# [Data]
◇ ◇ ◇

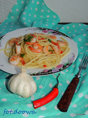 Spaghetti z czosnkiem i krewetkami.
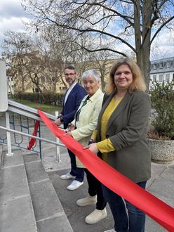Bauamtsleiter Robert Voss, Bürgermeisterin Michaela Wiezorek und Amtsleiterin Angela Zybell eröffnen gemeinsam das neue Haus C.
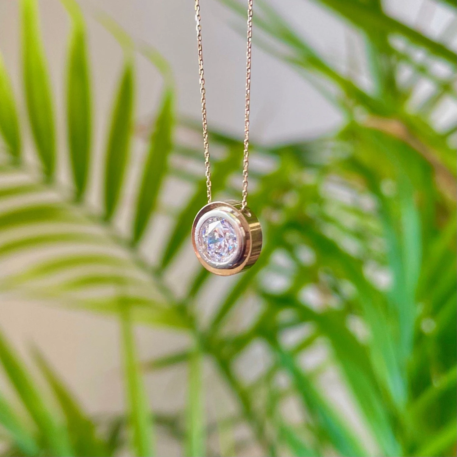 Élégant et brillant, ce collier 2 tons est un classique moderne. Fabriqué en or jaune 10k et or blanc 10K, il est composé d’un brillant Swarovski®. La pierre est montée en serti clos, et la pendant bouge librement sur la chaîne forçat ronde de 16,5 pouces.

◇ ◇ ◇

# [Work task]
Reproduce the material word for word, but without its images.

# [Solution to this task]
 Spaghetti z czosnkiem i krewetkami.
Bauamtsleiter Robert Voss, Bürgermeisterin Michaela Wiezorek und Amtsleiterin Angela Zybell eröffnen gemeinsam das neue Haus C.
 Élégant et brillant, ce collier 2 tons est un classique moderne. Fabriqué en or jaune 10k et or blanc 10K, il est composé d’un brillant Swarovski®. La pierre est montée en serti clos, et la pendant bouge librement sur la chaîne forçat ronde de 16,5 pouces.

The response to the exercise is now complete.